Tim Baltz did his own stunts for his character's pole dancing, saying "I was excited, because it felt like an evolution of the character; I felt like each season there was something more ridiculous that BJ was getting into. It made perfect sense that this was the hobby, but I wasn't prepared for it, so I just started pounding creatine and training hard."

==Reception==
===Viewers===
In its original American broadcast, "You Hurled Me Into the Depths, Into the Very Heart of the Seas" was seen by an estimated 0.264 million household viewers with a 0.05 in the 18-49 demographics. This means that 0.05 percent of all households with televisions watched the episode. This was a slight decrease in viewership from the previous episode, which was watched by 0.291 million household viewers with a 0.06 in the 18-49 demographics.

===Critical reviews===
"You Hurled Me Into the Depths, Into the Very Heart of the Seas" received mostly positive reviews from critics. Matt Schimkowitz of The A.V. Club gave the episode an "A–" grade and wrote, "Not to be hyperbolic, but tonight's Righteous Gemstones was the funniest 36 minutes in television history. Okay, I won't go that far, but it was a series high. There wasn't a single punchline that didn't hit, a costume choice (or lack thereof) that wasn't a godsend, or a needle drop that was out of place. “You Hurled Me Into the Depths, Into the Very Heart Of The Seas” launches the final season's story out of the deep and finds the production confidently and hilariously ascending toward that big disco ball in the sky."

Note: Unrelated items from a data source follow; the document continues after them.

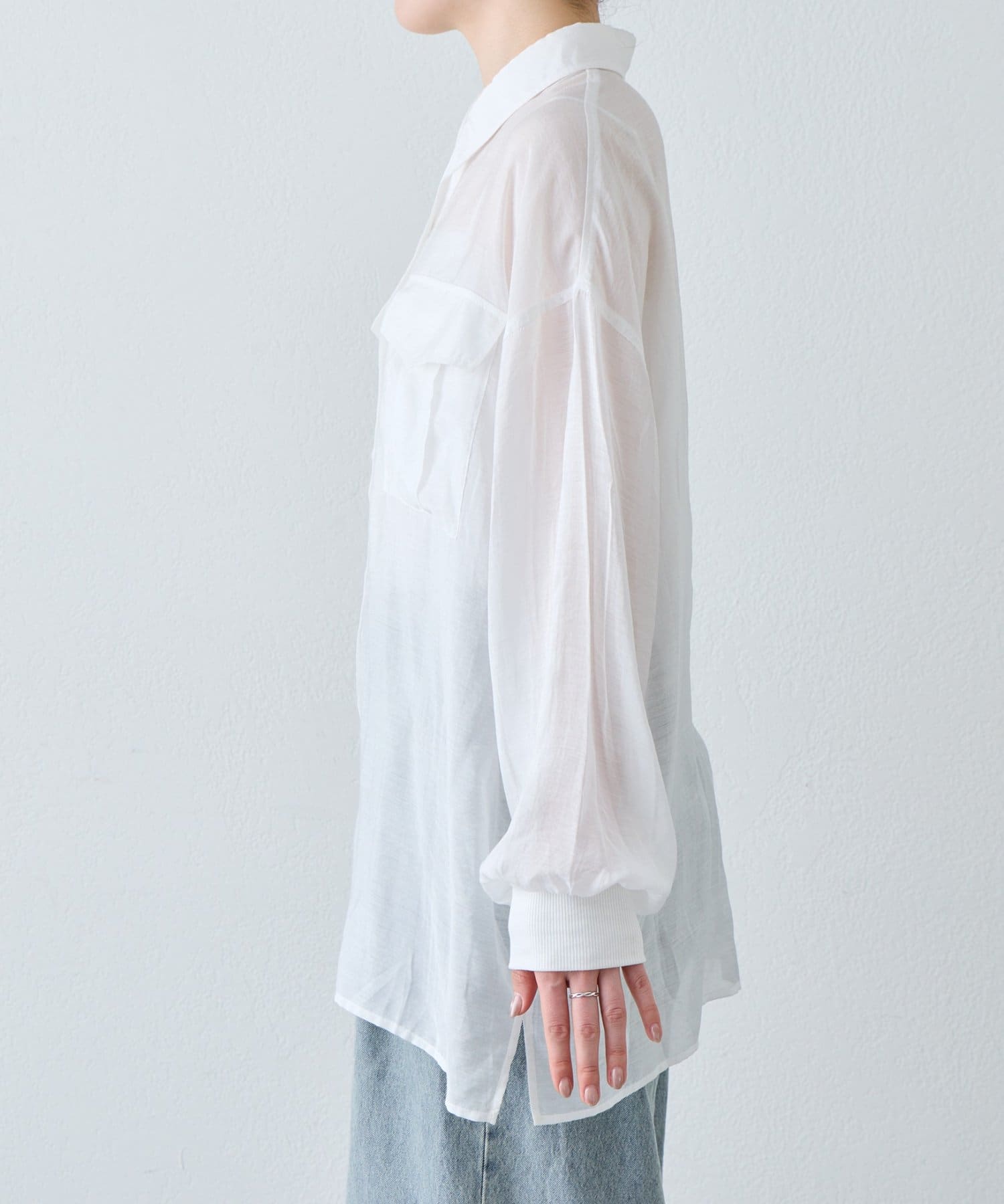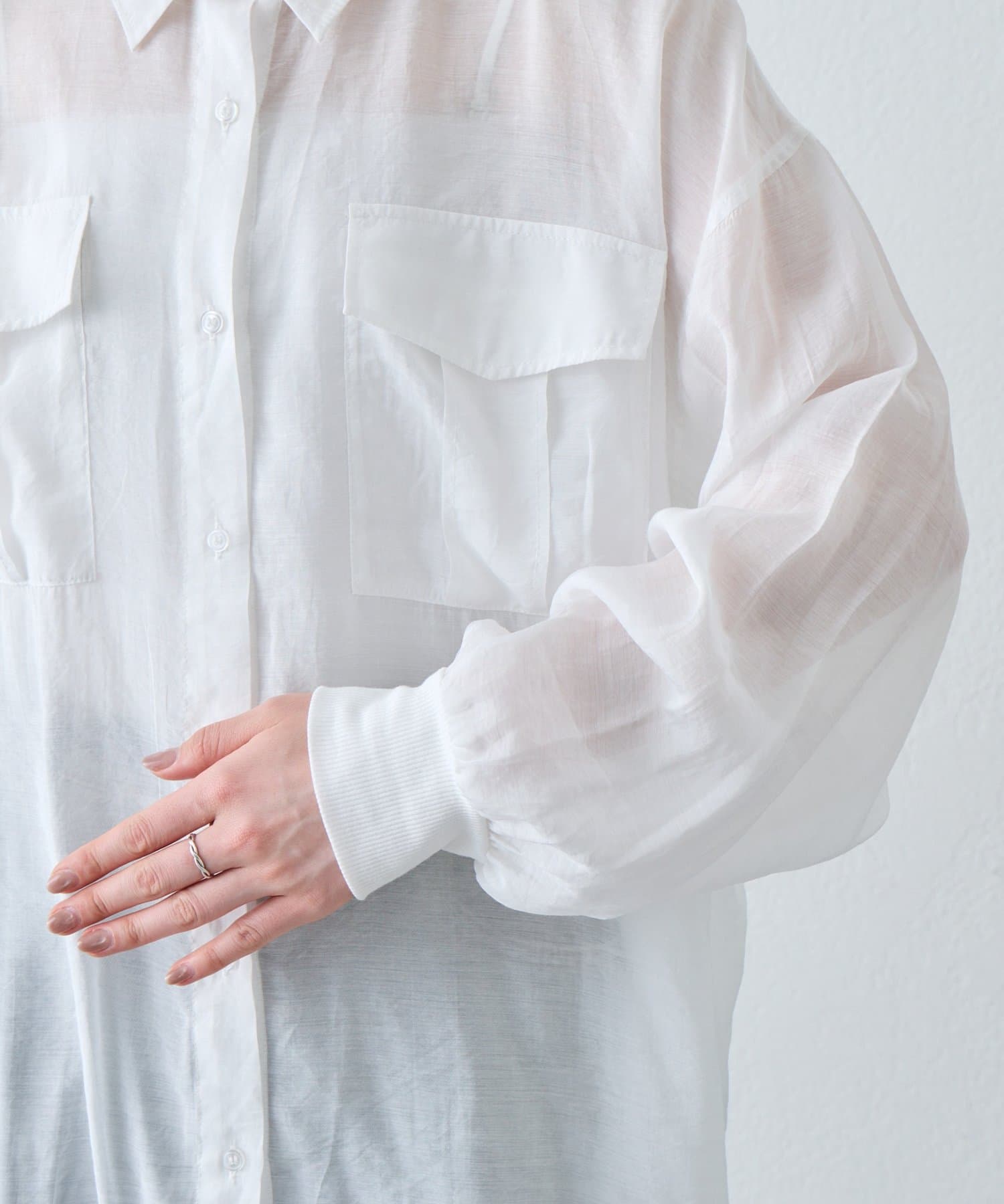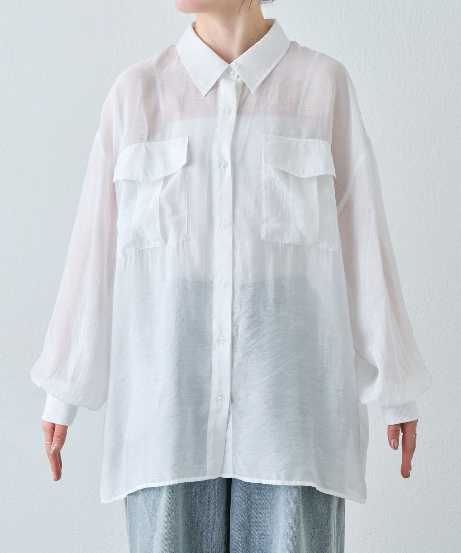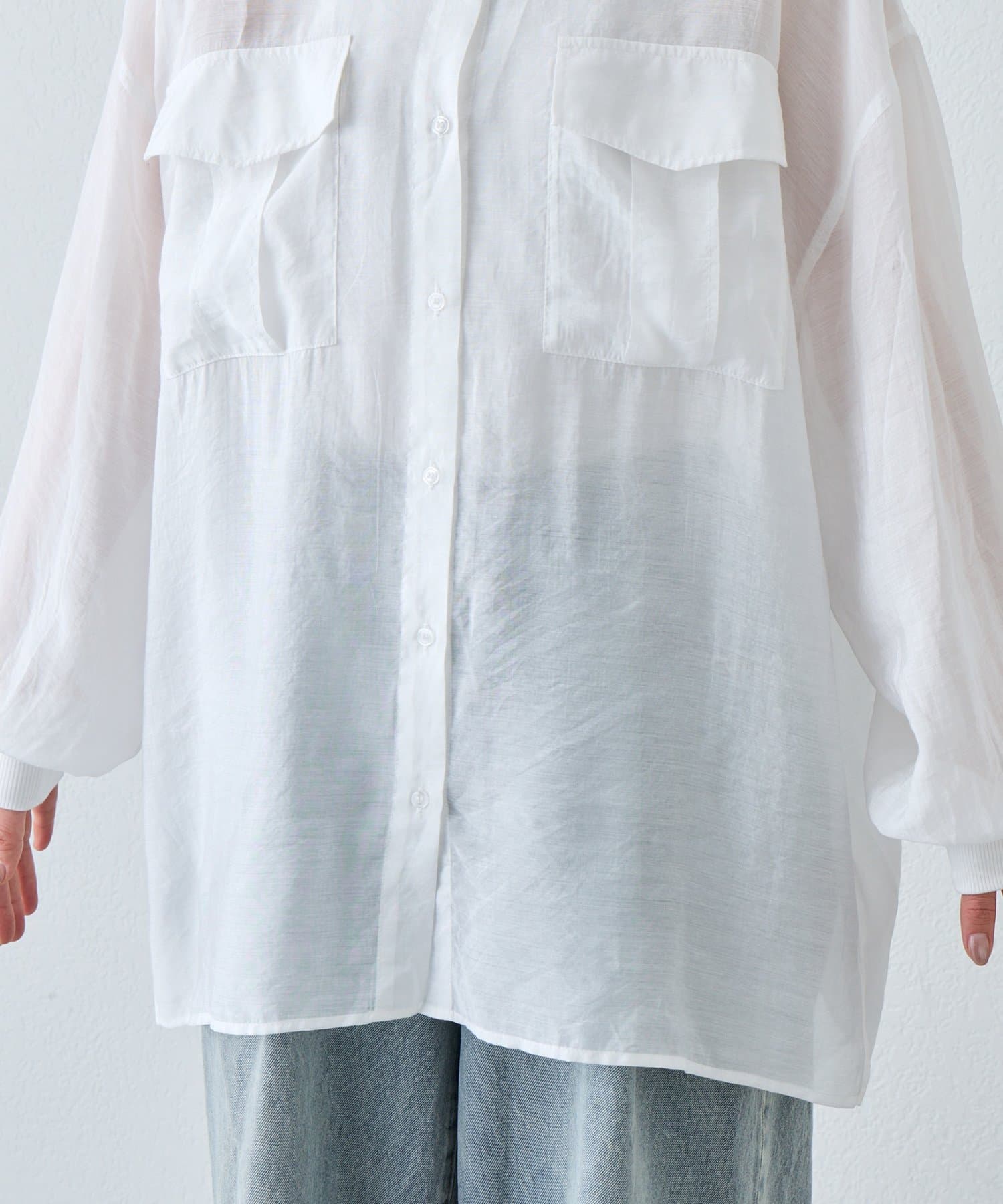 ▶【累計販売数1万枚突破/程よい透け感】シアーバンドカラーシャツ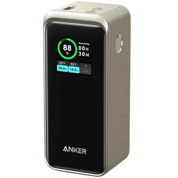 The Anker Prime 20,000mAh 200W Power Bank is a high capacity portable charger with two USB-C and one USB-A ports, delivering fast charging for multiple devices simultaneously. It supports 100W fast recharge and features a compact design with a smart display showing real time battery status.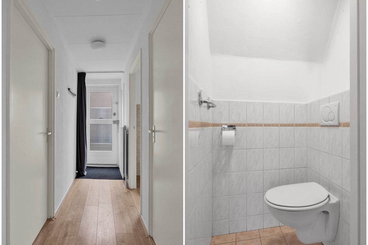 We betreden de woning via de voordeur en komen in de hal met meterkast en toegang tot het toilet en de slaapkamer met wastafel. Rechts van de hal bevindt zich de woonkamer, een knusse en sfeervolle leefruimte met enkele inbouwkasten. Links van de hal bevindt zich de keuken, deze heeft een hoekkeukenopstelling welke is voorzien van diverse inbouwapparatuur zoals; koelkast, gaskookplaat, afzuigkap en vaatwasser. Via de keuken is ook de trapopgang toegankelijk. Achter de keuken bevindt zich de bijkeuken met cv-installatie en aansluiting voor de wasmachine en droger, tevens toegang tot de achtertuin. Via de bijkeuken kom je in de badkamer met 2e toilet, douche en wastafelmeubel.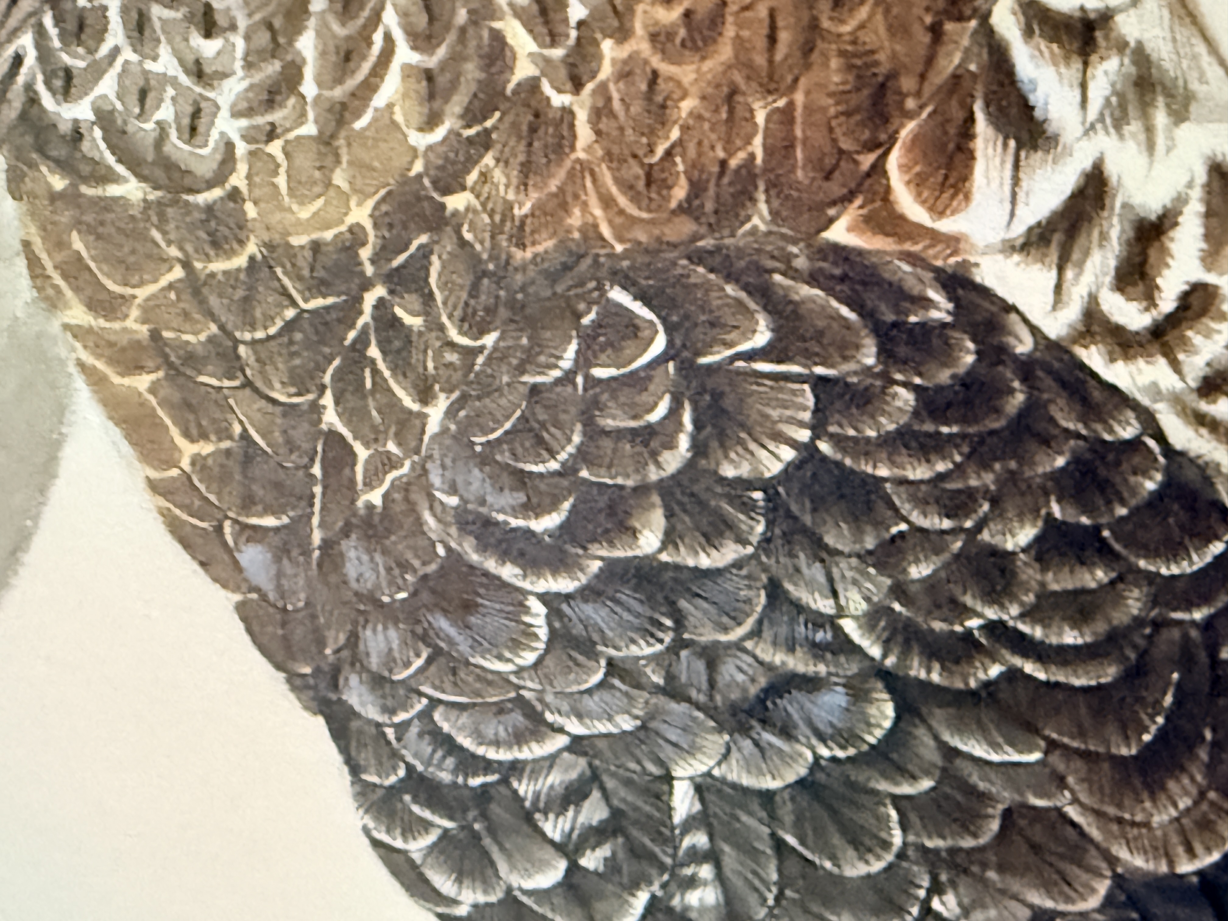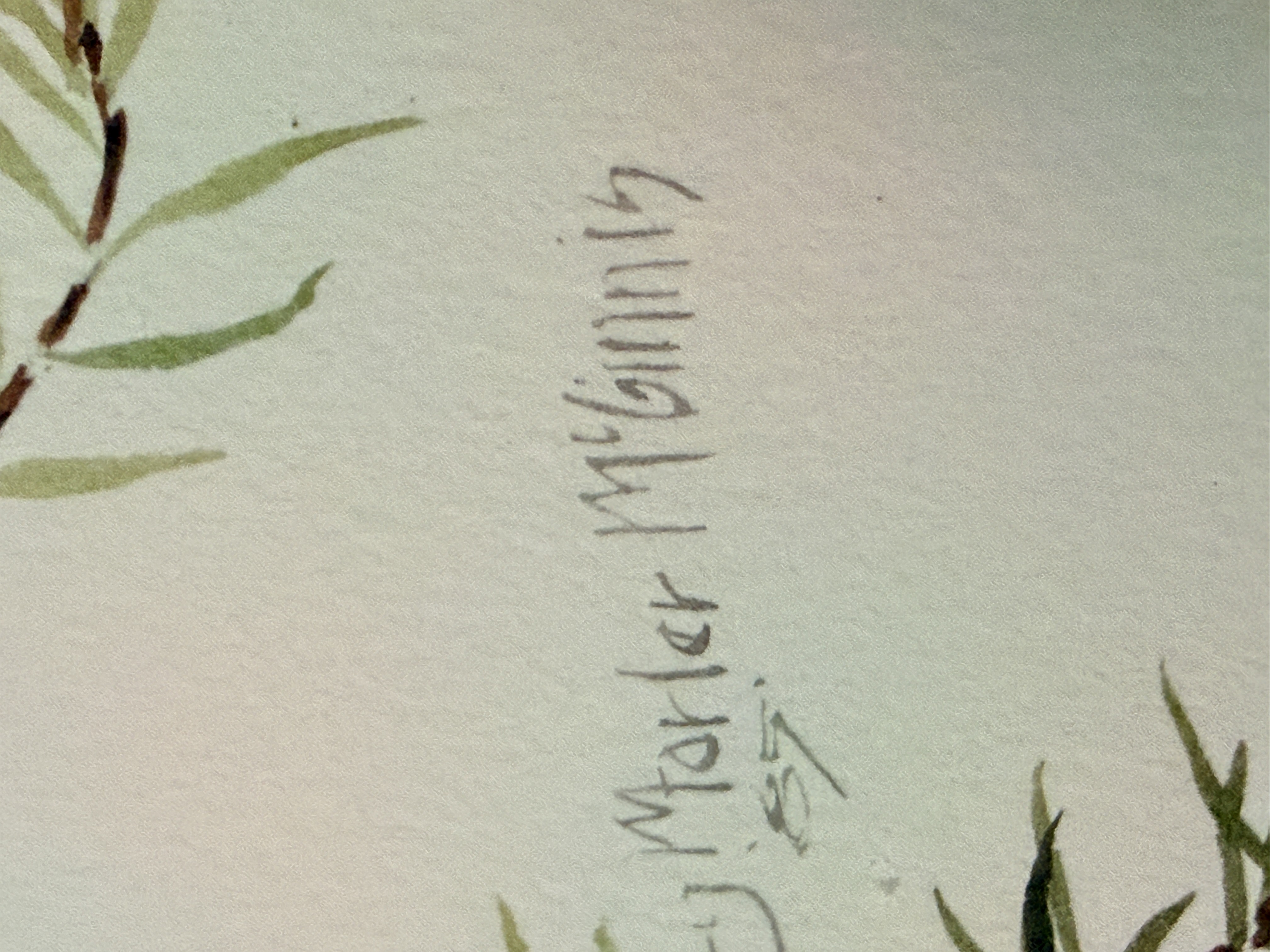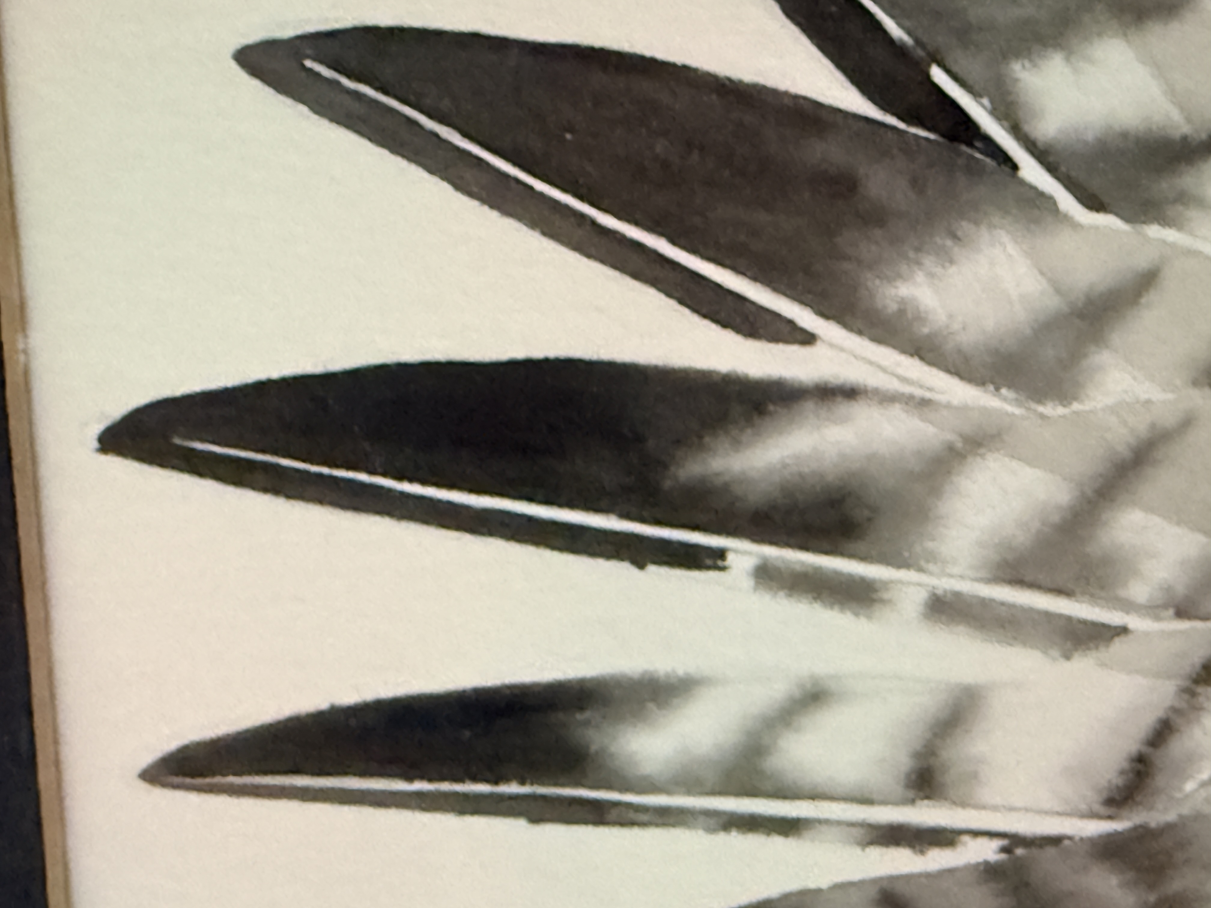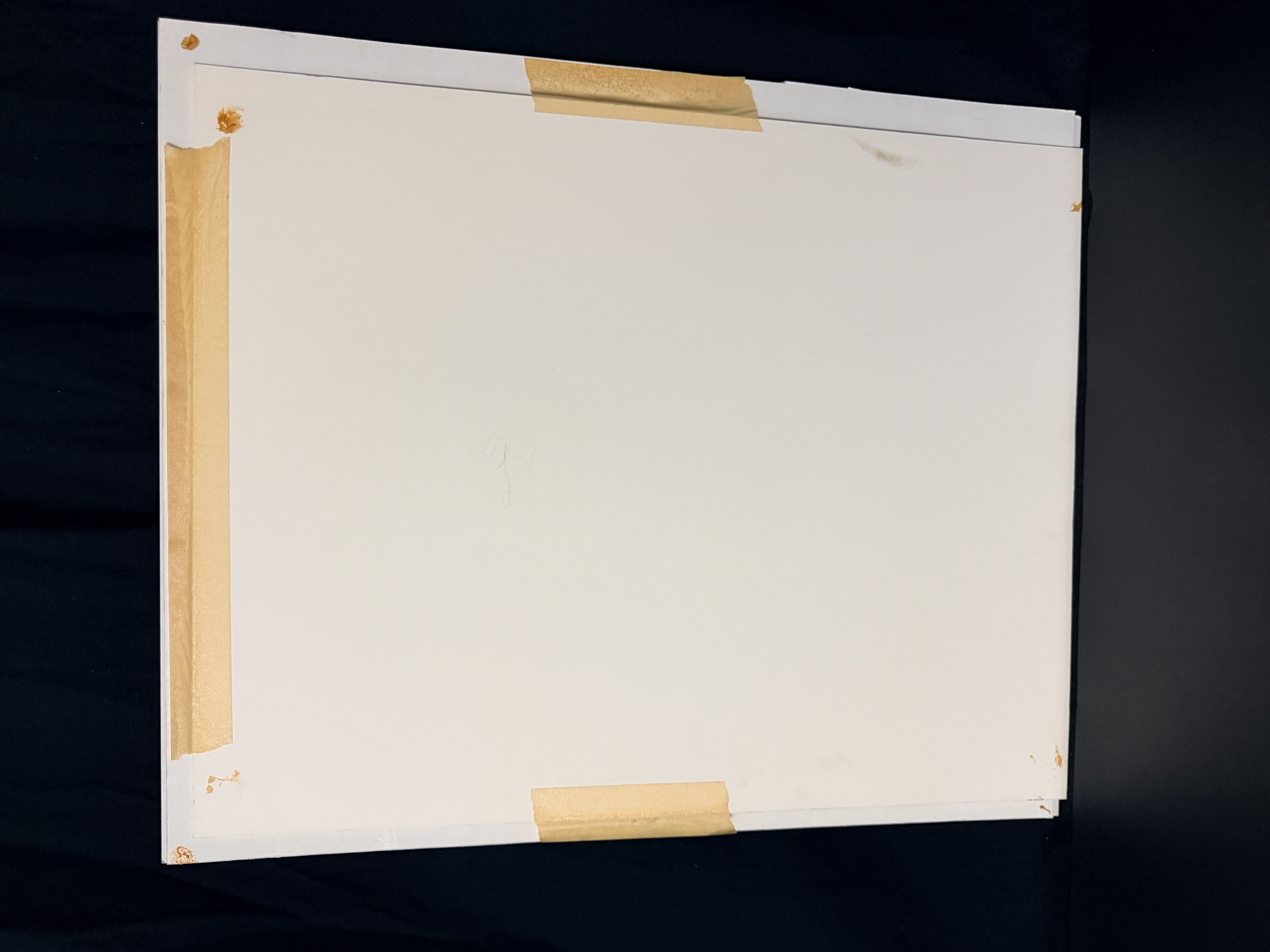 The artwork is in good condition with no visible foxing or tears to the primary surface. The supporting mat and the reverse of the piece exhibit adhesive residue, tape remnants, and minor staining along the edges. Art is from a clean smoke free home.

Scott Tobias of Vulture gave the episode a 4 star rating out of 5 and wrote, "As lowbrow laughs go, there's nothing funnier than full-frontal male nudity, and there's certainly no funnier moment than Baby Billy dropping his drawers in front of the Gemstones in the dressing room after their rehearsal goes awry. “Behold, look at this. That's my privates right there.” Indeed so."

Paul Dailly of TV Fanatic gave the episode a 4.15 star rating out of 5 and wrote, "After feeling a little short-changed about excluding characters we've grown to love from The Righteous Gemstones Season 4 Episode 1, the follow-up made up for it in a big way." Hawk Ripjaw of TV Obsessive wrote, "After last week’s compelling prelude episode that focused on the advent of the family, The Righteous Gemstones S4E2, “You Hurled Me Into the Depths, Into the Very Heart of the Seas,“ catches us up with the Gemstones proper, as the family prepares for a birthday telethon to honor the late Aimee-Leigh. And, as expected, the return to the modern Gemstone shenanigans is as hilarious as it’s ever been."